Table 2 . Comprehensive analysis of scalp acupuncture technical parameters and manipulation methods in Parkinson’s disease treatment: a systematic review of 15 randomized controlled trials (2004–2023) including detailed specifications for needle types, insertion angles, manipulation techniques, retention times, and electroacupuncture
Study | Needle specification (mm) | Insertion angle (°) | Depth (mm) | Manipulation technique | Retention time (min) | Electroacupuncture |
---|---|---|---|---|---|---|
Xu and Liu [11] | 0.35 × 25 | 15 | 10.0 | N/A | N/A | N/A |
Huang et al. [12] | 0.30 × 40 | 30 | 23.0 | 1) Rapid insertion 2) Flat needling 3) Quick twirling for 2 min | 30 | Used (2 mA, 25 Hz, continuous wave) |
Jia et al. [13] | 0.30 × 40 | 30 | 30.0 | 1) Twirling at 200 times/min 2) Duration: 1 min 3) Repeated three times every 10 min | 30 | N/A |
Hong et al. [14] | 0.25 × 30 | N/A | 20.0 | 1) Twirling at 200 times/min 2) 2 min per point | 30 | N/A |
Zhang et al. [15] | 0.30 × 40 | 30 | 30.5 | 1) Twirling at 180 times/min 2) 1 min per point | N/A | Used (2 Hz, dense wave) |
Liu and Bai [16] | 0.30 × 40 | 15 | 10.0 | 1) Reinforcing–reducing method | 40 | N/A |
Wang et al. [17] | N/A | 30 | N/A | 1) Twirling at 200 times/min 2) 1 min per point | N/A | N/A |
Liu et al. [18] | 0.34 × 40 | 30 | 30.0 | 1) Twirling at 200 times/min 2) 1 min per point | N/A | N/A |
Liu et al. [19] | 0.35 × 40 | N/A | N/A | N/A | 60 | N/A |
Suo et al. [20] | 0.35 × 50 | 15 | 38.0 | 1) Twirling at 200 times/min 2) 1 min per point | N/A | Used (wave type N/A) |
Huang et al. [21] | 0.40 × 15 | Vertical | To periosteum | 1) Twirling at 160 times/min 2) Gradually increasing the stimulation | 30 | N/A |
Gu et al. [22] | N/A | N/A | N/A | N/A | N/A | Used (2 Hz, continuous wave) |
Huang et al. [23] | N/A | N/A | N/A | N/A | N/A | Used (100 Hz, 2–4 mA) |
Jiang et al. [24] | N/A | Oblique | To galea aponeurotica | 1) Quick small-amplitude twirling | N/A | Used (patient tolerance) |
Yang and Chen [25] | 0.35 × 40 | 30 | 2/3 of the scalp | 1) Twirling 2–3 times/s 2) Once every 10 min | 30 | N/A |
N/A, not available.
For the characteristics of the study participants, the 15 studies that were ultimately selected were all RCTs, with the number of participants in each study varying between 30 and 120. In total, 991 participants were included across the studies. The participants’ average age ranged from 57.50 to 70.95 years.
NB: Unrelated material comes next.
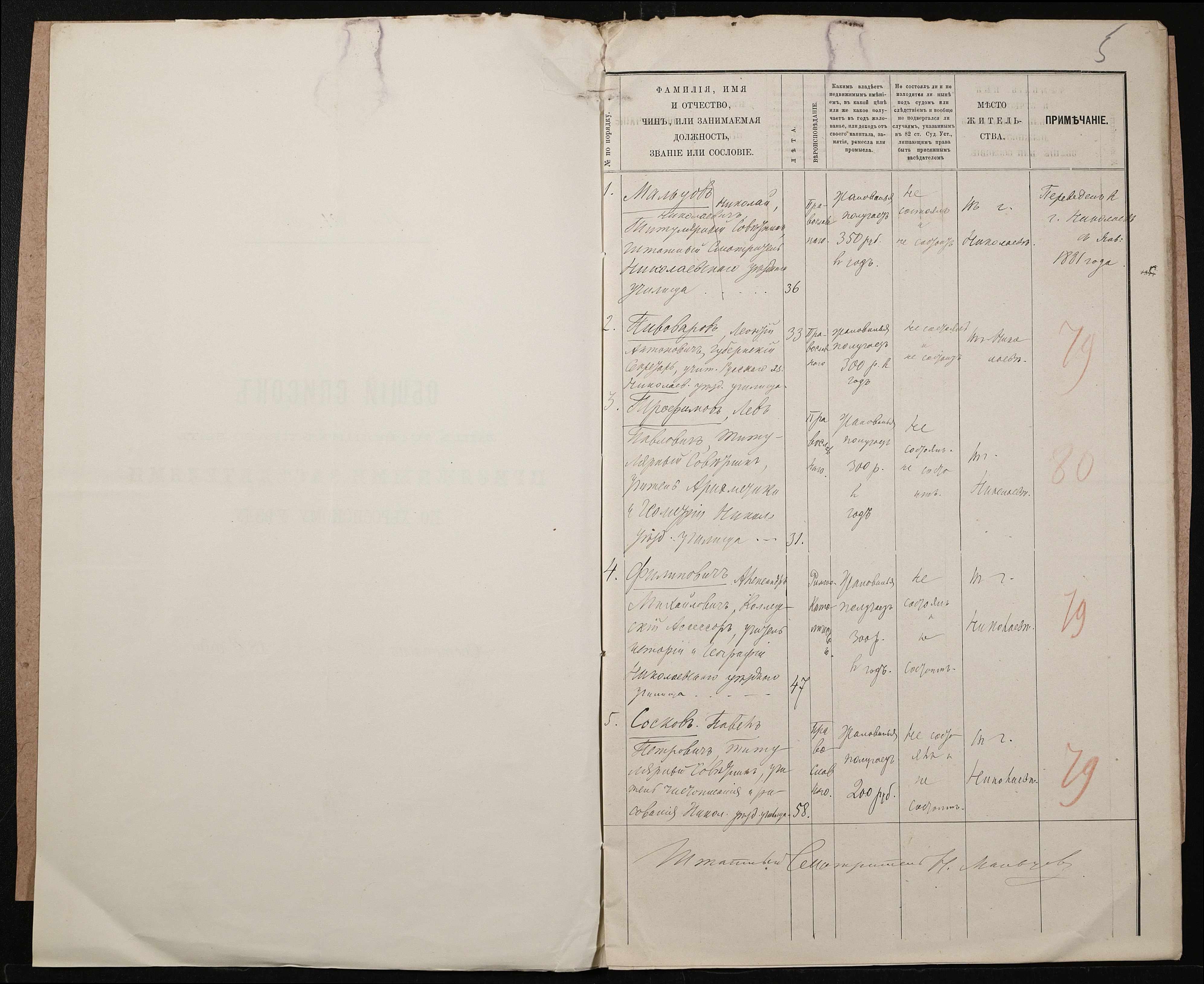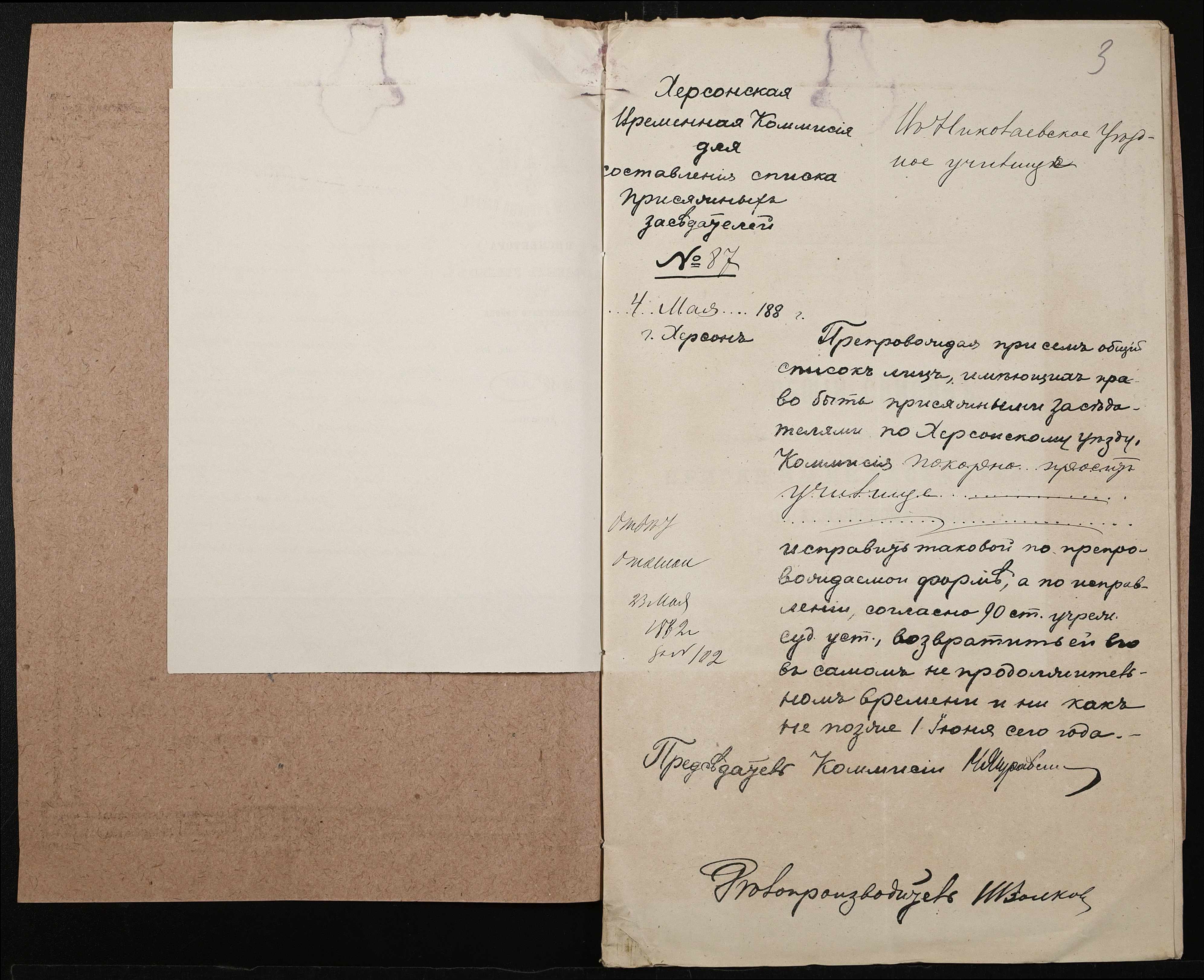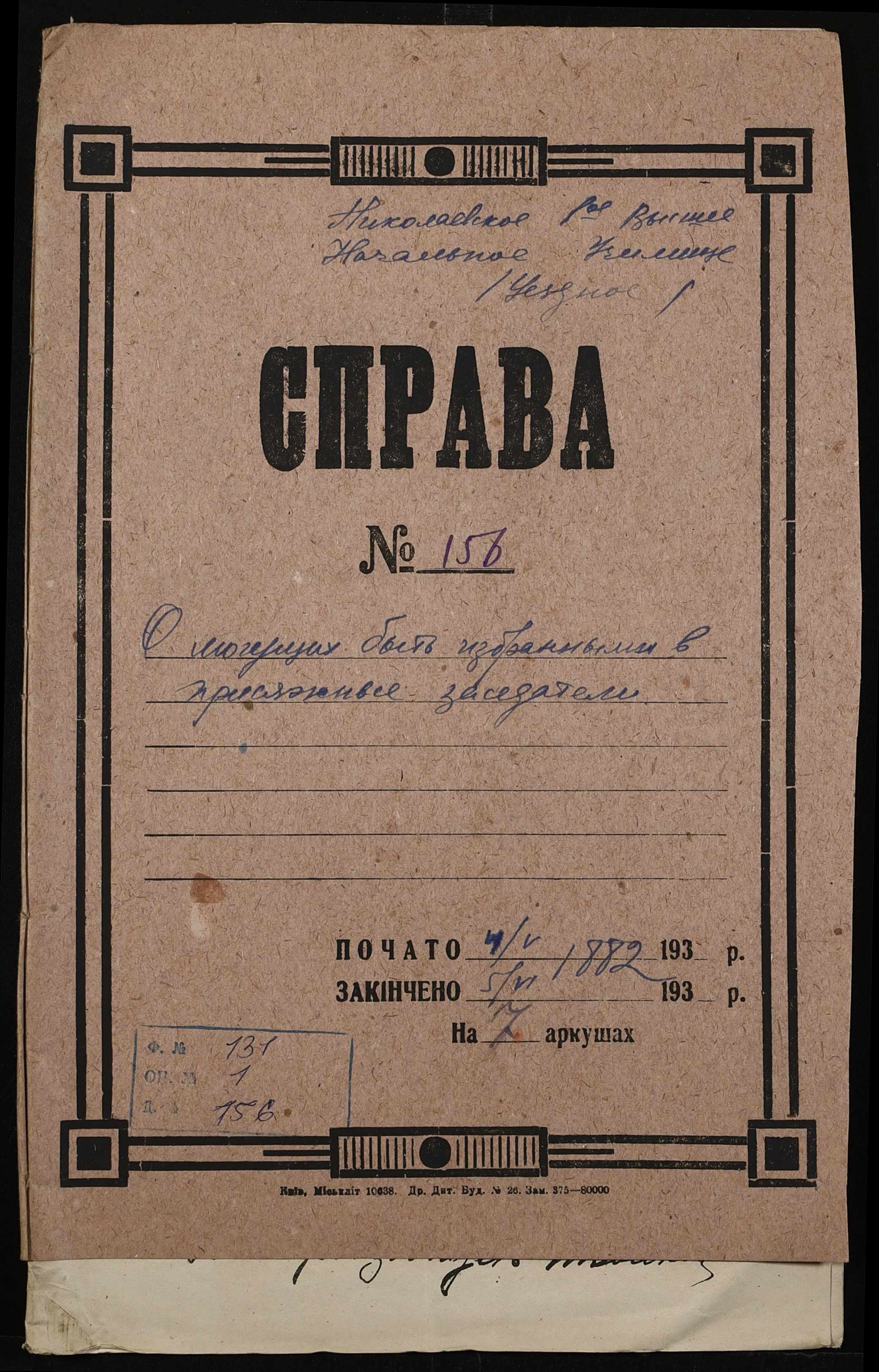 • • • • Справа № 156 “Листування про внесення чиновників повітового училища в загальні списки осіб, які мають право бути присяжними засідателями”

For the interventions, scalp acupuncture was the main intervention in all treatment groups. Among the 15 studies, seven combined scalp acupuncture with Western medicine; of these, three studies involved only scalp acupuncture and Western medicine and four studies combined scalp acupuncture, general acupuncture, and Western medicine. Furthermore, three studies implemented a combination of scalp acupuncture, Western medicine, and rehabilitation therapy. In the control groups, 11 studies involved only Western medicine, such as Madopar or Levodopa, and one study combined Western medicine with rehabilitation therapy.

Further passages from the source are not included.